Thanks to the hard work and perseverance of @ripjack13 (He sent an email )

We have a PDF listing all of the current Penn State kits and the bushings required for them. It is organized in the first half by the part numbers for the kits and in the second half by the bushing set part numbers!

We still don't have a document listing the actual dimensions of the bushings but someday we'll get there.
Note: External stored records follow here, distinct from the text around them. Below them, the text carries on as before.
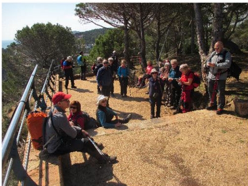
Una aturada per descansar durant el camí.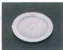
⑮ 1-756-5 丸アイスプレート 12φ ¥600 (12φ) 梱250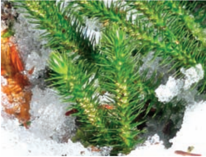
Huperzia selago im Reichholzrieder Moos, 9.3.2013.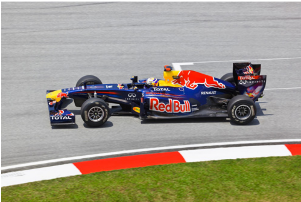
ペリカットは、Freeform Technology におけるモータースポーツ分野向けの複雑な金型やコンポジット形状の製作を支えている

Freeform Technology はフォーミュラ・ワンやモータースポーツ分野のサプライヤーだが、レースチームの間で基本的な要素において、人もうらやむ仕事の評判を急速に確立した。その要素とは正確さや情熱もそうだが、顧客との約束を確実に果たすため、より一層の努力をする、というこだわりだ。これらのゴールを達成するため、同社は世界で最先端の独立系の CNC 工作機械シミュレーションと最適化のソフトウェア、CGTech のペリカットを使っている。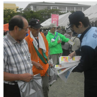
▲助成制度チラシ配布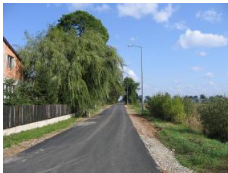
Małachowo Złych Miejsc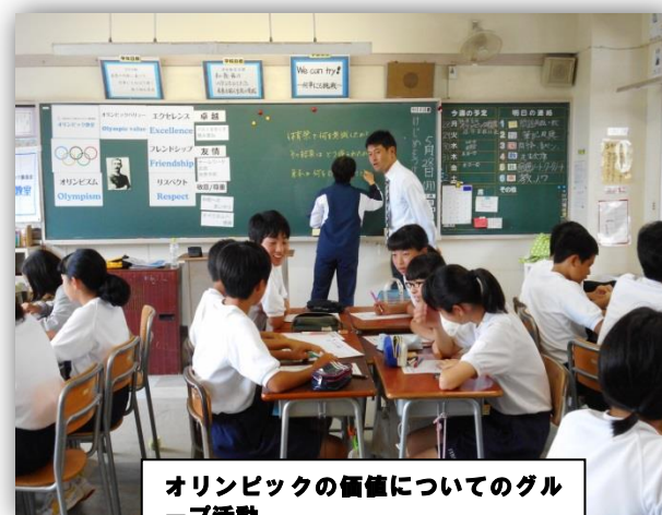
オリンピックの価値についてのグル ープ活動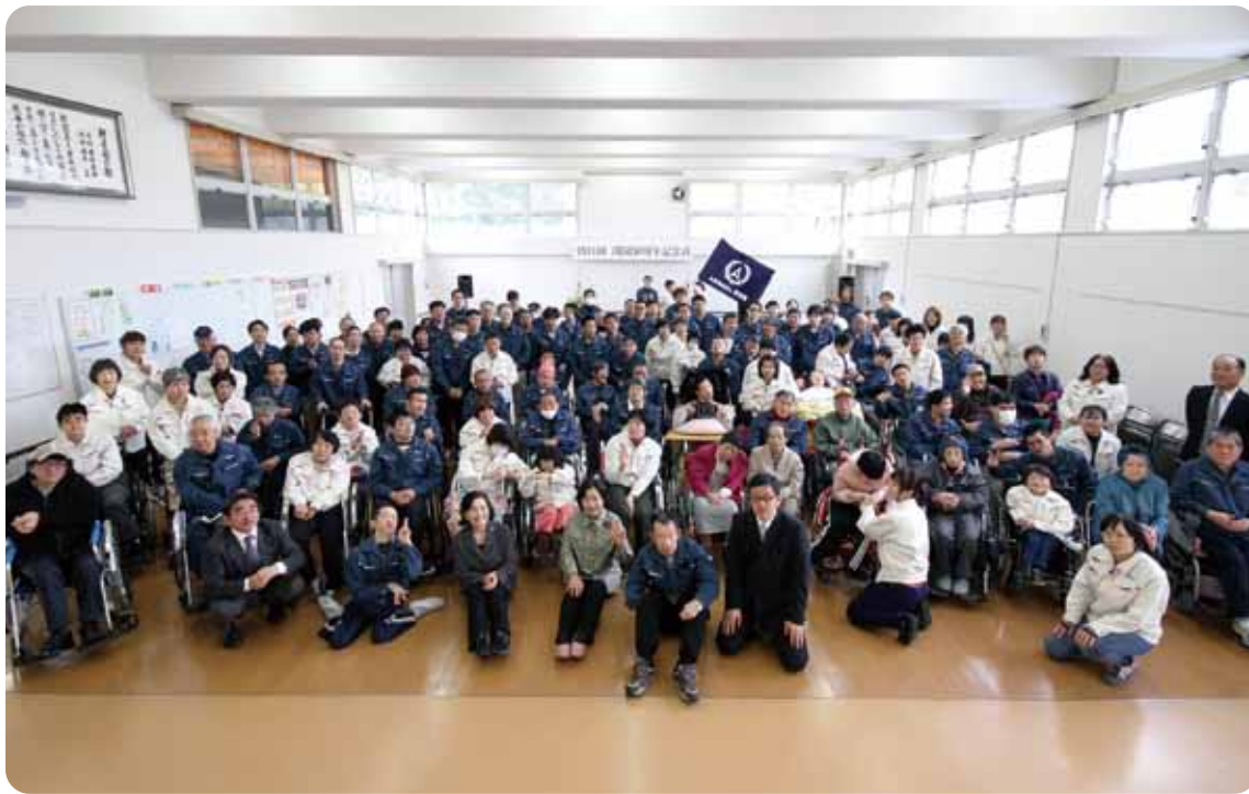
▲集合写真（平成26年4月5日 朝日園開園38周年記念式にて）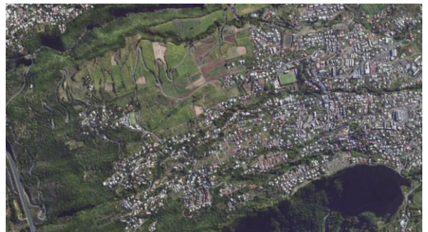
Photographie de La Réunion actuelle

Une commune: une ville ou un village dirigé par une ou une maire.

If anyone happens to have a bushing/kit list for any of the suppliers feel free to let me know and we can add it to this thread and update the title!

Reactions: Like 2 | Way Cool 2 | Useful 1


----------



## Schroedc

@ripjack13 was able to get us the Woodcraft bushing list as well!

Reactions: Like 2


----------



## ripjack13

Here's another Bushing list, from Pennstate, called The Bushing Book. It's really just drawn pictures of the bushing, but gives the sizes of ID and OD as well as length.

https://www.pennstateind.com/library/bushing_book.pdf

Reactions: Like 1 | Thank You! 2 | Way Cool 1


----------



## KnotBoard

You may find this pdf to be useful. It includes bushing and tube sizes from 20 different pen kit suppliers.

Here it is:
http://content.penturners.org/library/general_reference/20_bush_tube.pdf

There is also an app for iPhones with this information in a searchable format.

https://itunes.apple.com/us/app/iap-bushings-tubes-reference/id1062399336?mt=8

Reactions: Like 2 | Thank You! 1


----------



## rdabpenman

Les


----------



## Tony

I have this app on my Android phone that lists all the info for tons of kits, thanks @ripjack13 !

Reactions: Like 1 | Way Cool 1


----------



## Wildthings

A TRUE TEXAN!!

Reactions: Agree 1 | Funny 1


----------



## Maverick

LOL...that Whataburger app was the first thing I noticed too. That is one of the things I miss most about Texas. Wish they would move West.


----------